Segment Start: Supplied entries
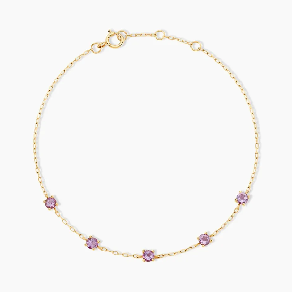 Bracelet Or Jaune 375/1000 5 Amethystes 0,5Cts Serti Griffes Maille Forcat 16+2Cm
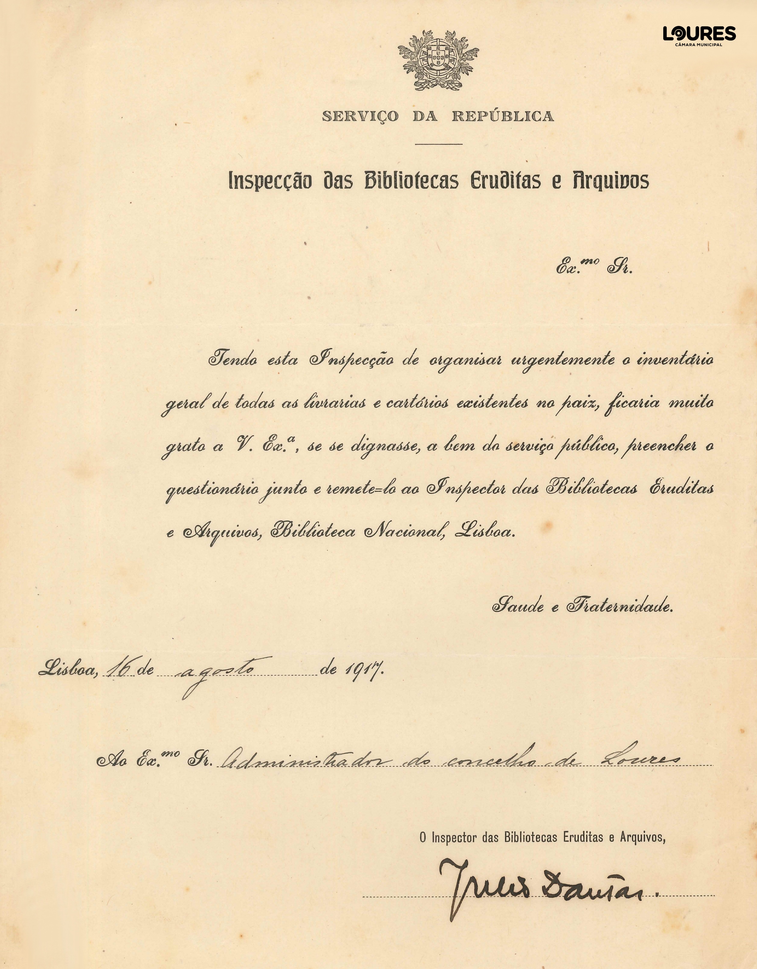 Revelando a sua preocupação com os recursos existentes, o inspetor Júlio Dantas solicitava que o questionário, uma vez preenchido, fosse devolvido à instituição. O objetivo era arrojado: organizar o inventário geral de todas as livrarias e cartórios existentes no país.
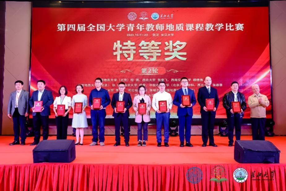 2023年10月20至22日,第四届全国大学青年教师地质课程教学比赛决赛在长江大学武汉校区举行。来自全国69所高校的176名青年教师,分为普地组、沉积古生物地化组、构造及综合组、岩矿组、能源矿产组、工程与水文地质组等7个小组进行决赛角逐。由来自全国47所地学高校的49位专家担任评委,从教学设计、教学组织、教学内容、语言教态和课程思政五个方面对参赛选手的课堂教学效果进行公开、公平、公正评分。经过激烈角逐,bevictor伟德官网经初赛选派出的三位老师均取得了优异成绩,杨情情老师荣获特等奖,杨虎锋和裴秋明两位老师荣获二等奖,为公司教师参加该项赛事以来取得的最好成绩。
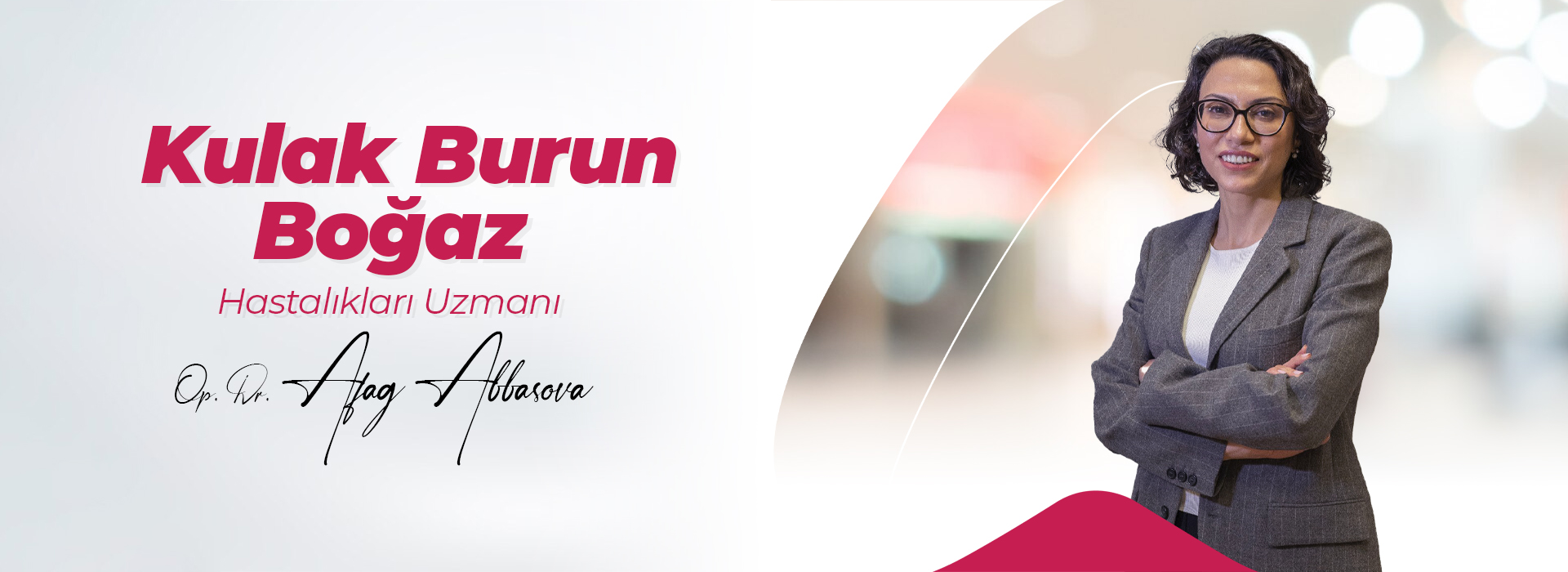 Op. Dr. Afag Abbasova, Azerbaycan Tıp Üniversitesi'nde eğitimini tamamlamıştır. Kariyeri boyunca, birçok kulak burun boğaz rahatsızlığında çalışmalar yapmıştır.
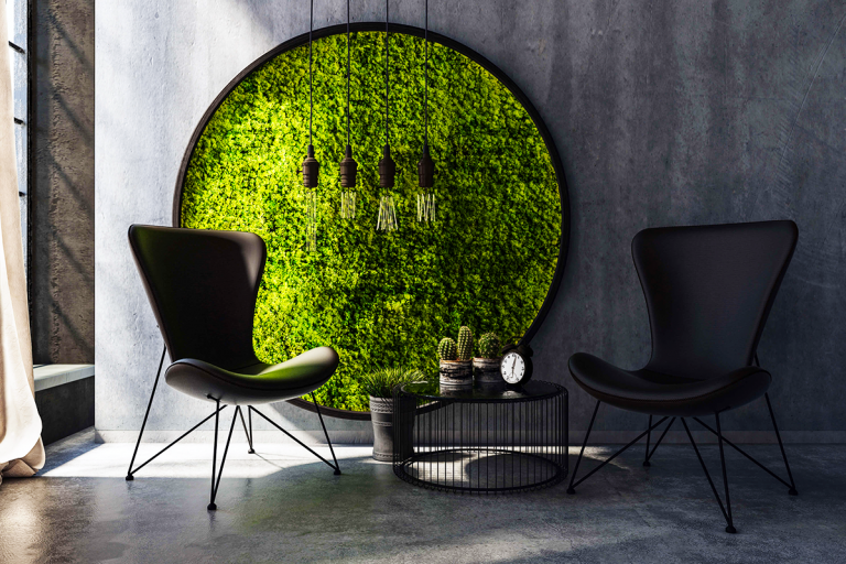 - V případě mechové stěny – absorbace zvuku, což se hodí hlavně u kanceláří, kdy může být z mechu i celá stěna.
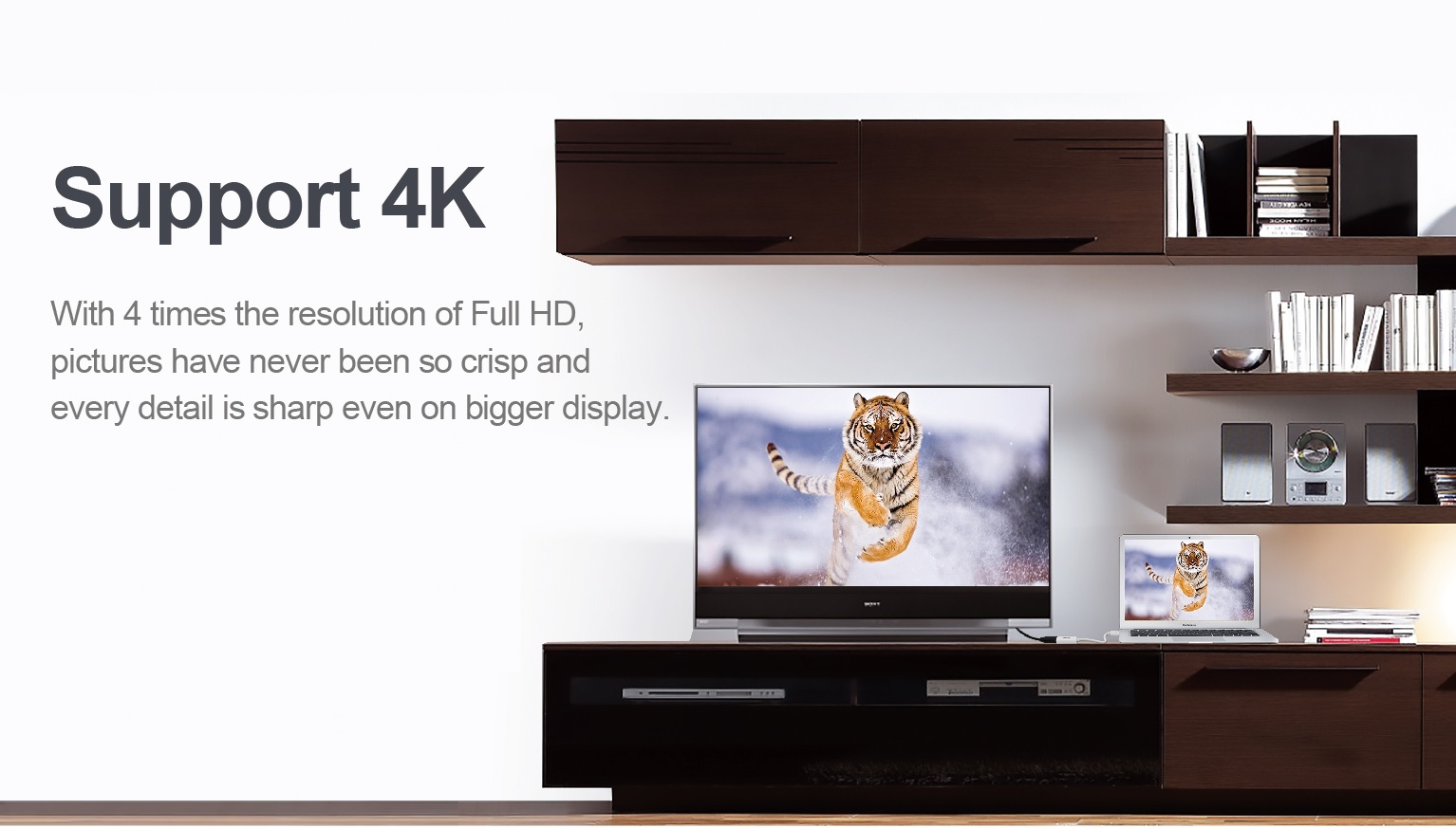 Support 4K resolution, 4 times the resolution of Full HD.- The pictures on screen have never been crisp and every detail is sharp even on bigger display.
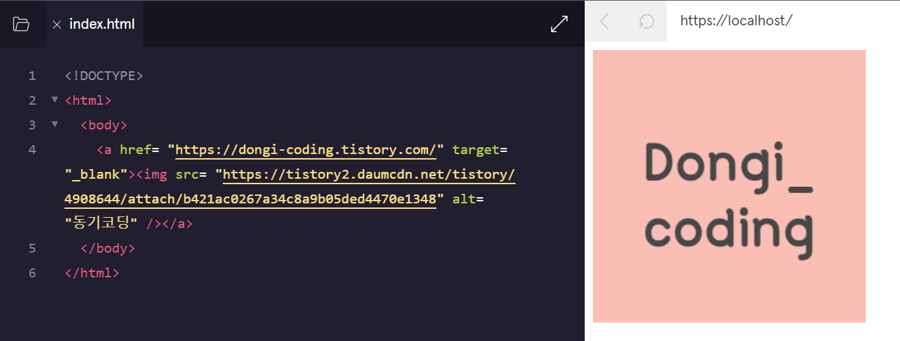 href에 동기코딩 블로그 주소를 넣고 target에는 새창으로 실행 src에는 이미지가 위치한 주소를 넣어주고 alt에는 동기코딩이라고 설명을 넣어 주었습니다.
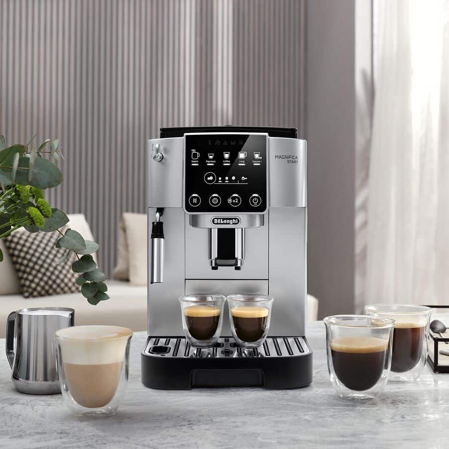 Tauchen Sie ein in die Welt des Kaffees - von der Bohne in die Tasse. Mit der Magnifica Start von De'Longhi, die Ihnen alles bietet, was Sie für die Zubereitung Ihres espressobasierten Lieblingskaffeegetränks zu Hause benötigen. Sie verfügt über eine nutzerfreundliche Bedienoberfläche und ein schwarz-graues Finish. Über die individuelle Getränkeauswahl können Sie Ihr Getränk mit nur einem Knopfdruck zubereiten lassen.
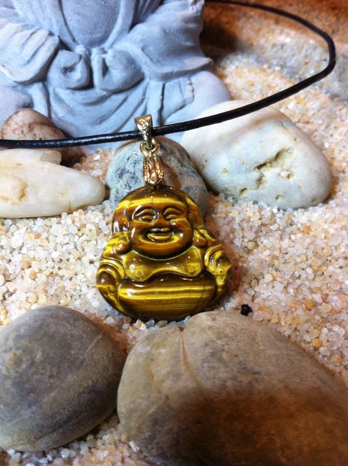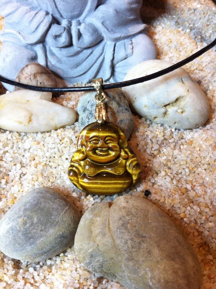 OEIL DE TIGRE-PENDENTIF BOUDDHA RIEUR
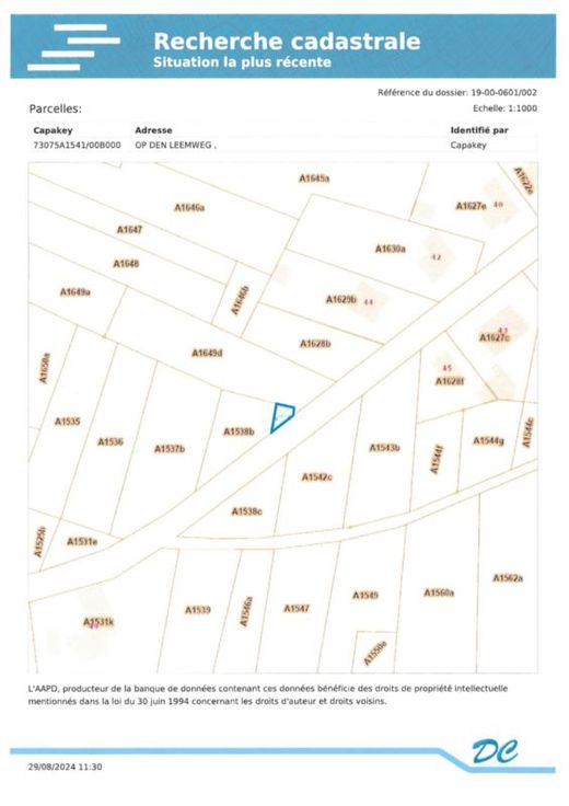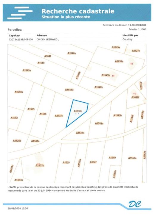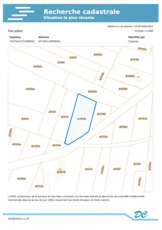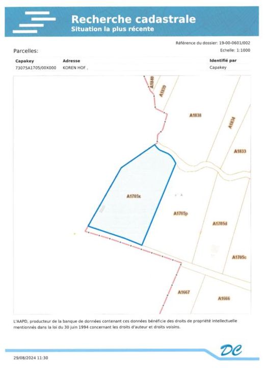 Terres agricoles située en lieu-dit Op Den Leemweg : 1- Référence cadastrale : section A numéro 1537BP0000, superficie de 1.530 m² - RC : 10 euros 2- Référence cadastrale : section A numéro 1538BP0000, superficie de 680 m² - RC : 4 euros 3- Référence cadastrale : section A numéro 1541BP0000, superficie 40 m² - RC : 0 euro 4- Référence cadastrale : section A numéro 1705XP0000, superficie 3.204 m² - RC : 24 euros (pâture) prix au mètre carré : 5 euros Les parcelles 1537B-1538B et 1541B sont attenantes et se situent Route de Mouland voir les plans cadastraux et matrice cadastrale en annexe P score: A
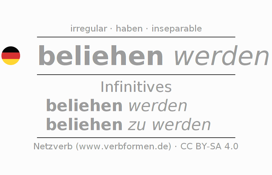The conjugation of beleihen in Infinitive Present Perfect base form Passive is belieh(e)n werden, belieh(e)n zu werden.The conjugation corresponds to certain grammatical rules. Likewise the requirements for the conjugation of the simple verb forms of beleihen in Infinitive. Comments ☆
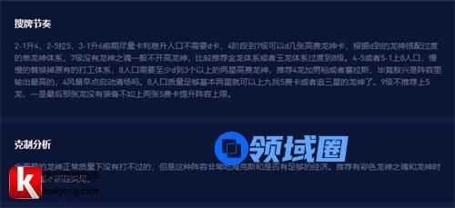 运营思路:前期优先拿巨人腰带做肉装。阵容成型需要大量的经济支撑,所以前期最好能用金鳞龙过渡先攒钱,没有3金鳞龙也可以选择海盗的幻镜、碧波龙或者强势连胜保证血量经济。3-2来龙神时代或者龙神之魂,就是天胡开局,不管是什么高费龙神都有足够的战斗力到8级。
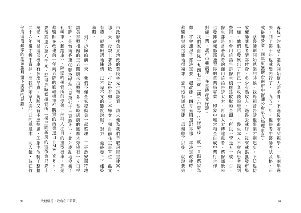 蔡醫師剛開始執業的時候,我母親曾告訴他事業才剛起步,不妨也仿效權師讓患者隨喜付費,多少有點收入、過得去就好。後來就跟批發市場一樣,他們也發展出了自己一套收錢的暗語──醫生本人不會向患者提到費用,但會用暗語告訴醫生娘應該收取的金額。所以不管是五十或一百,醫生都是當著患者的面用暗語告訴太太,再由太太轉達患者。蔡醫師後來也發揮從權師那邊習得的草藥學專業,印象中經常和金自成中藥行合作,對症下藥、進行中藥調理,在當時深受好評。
Segment End: Supplied entries
- What to work on
Only the records are wanted, copied exactly, with the pictures dropped.

- Exercise result
 Bracelet Or Jaune 375/1000 5 Amethystes 0,5Cts Serti Griffes Maille Forcat 16+2Cm
 Revelando a sua preocupação com os recursos existentes, o inspetor Júlio Dantas solicitava que o questionário, uma vez preenchido, fosse devolvido à instituição. O objetivo era arrojado: organizar o inventário geral de todas as livrarias e cartórios existentes no país.
 2023年10月20至22日,第四届全国大学青年教师地质课程教学比赛决赛在长江大学武汉校区举行。来自全国69所高校的176名青年教师,分为普地组、沉积古生物地化组、构造及综合组、岩矿组、能源矿产组、工程与水文地质组等7个小组进行决赛角逐。由来自全国47所地学高校的49位专家担任评委,从教学设计、教学组织、教学内容、语言教态和课程思政五个方面对参赛选手的课堂教学效果进行公开、公平、公正评分。经过激烈角逐,bevictor伟德官网经初赛选派出的三位老师均取得了优异成绩,杨情情老师荣获特等奖,杨虎锋和裴秋明两位老师荣获二等奖,为公司教师参加该项赛事以来取得的最好成绩。
 Op. Dr. Afag Abbasova, Azerbaycan Tıp Üniversitesi'nde eğitimini tamamlamıştır. Kariyeri boyunca, birçok kulak burun boğaz rahatsızlığında çalışmalar yapmıştır.
 - V případě mechové stěny – absorbace zvuku, což se hodí hlavně u kanceláří, kdy může být z mechu i celá stěna.
 Support 4K resolution, 4 times the resolution of Full HD.- The pictures on screen have never been crisp and every detail is sharp even on bigger display.
 href에 동기코딩 블로그 주소를 넣고 target에는 새창으로 실행 src에는 이미지가 위치한 주소를 넣어주고 alt에는 동기코딩이라고 설명을 넣어 주었습니다.
 Tauchen Sie ein in die Welt des Kaffees - von der Bohne in die Tasse. Mit der Magnifica Start von De'Longhi, die Ihnen alles bietet, was Sie für die Zubereitung Ihres espressobasierten Lieblingskaffeegetränks zu Hause benötigen. Sie verfügt über eine nutzerfreundliche Bedienoberfläche und ein schwarz-graues Finish. Über die individuelle Getränkeauswahl können Sie Ihr Getränk mit nur einem Knopfdruck zubereiten lassen.
 OEIL DE TIGRE-PENDENTIF BOUDDHA RIEUR
 Terres agricoles située en lieu-dit Op Den Leemweg : 1- Référence cadastrale : section A numéro 1537BP0000, superficie de 1.530 m² - RC : 10 euros 2- Référence cadastrale : section A numéro 1538BP0000, superficie de 680 m² - RC : 4 euros 3- Référence cadastrale : section A numéro 1541BP0000, superficie 40 m² - RC : 0 euro 4- Référence cadastrale : section A numéro 1705XP0000, superficie 3.204 m² - RC : 24 euros (pâture) prix au mètre carré : 5 euros Les parcelles 1537B-1538B et 1541B sont attenantes et se situent Route de Mouland voir les plans cadastraux et matrice cadastrale en annexe P score: A
The conjugation of beleihen in Infinitive Present Perfect base form Passive is belieh(e)n werden, belieh(e)n zu werden.The conjugation corresponds to certain grammatical rules. Likewise the requirements for the conjugation of the simple verb forms of beleihen in Infinitive. Comments ☆
 运营思路:前期优先拿巨人腰带做肉装。阵容成型需要大量的经济支撑,所以前期最好能用金鳞龙过渡先攒钱,没有3金鳞龙也可以选择海盗的幻镜、碧波龙或者强势连胜保证血量经济。3-2来龙神时代或者龙神之魂,就是天胡开局,不管是什么高费龙神都有足够的战斗力到8级。
 蔡醫師剛開始執業的時候,我母親曾告訴他事業才剛起步,不妨也仿效權師讓患者隨喜付費,多少有點收入、過得去就好。後來就跟批發市場一樣,他們也發展出了自己一套收錢的暗語──醫生本人不會向患者提到費用,但會用暗語告訴醫生娘應該收取的金額。所以不管是五十或一百,醫生都是當著患者的面用暗語告訴太太,再由太太轉達患者。蔡醫師後來也發揮從權師那邊習得的草藥學專業,印象中經常和金自成中藥行合作,對症下藥、進行中藥調理,在當時深受好評。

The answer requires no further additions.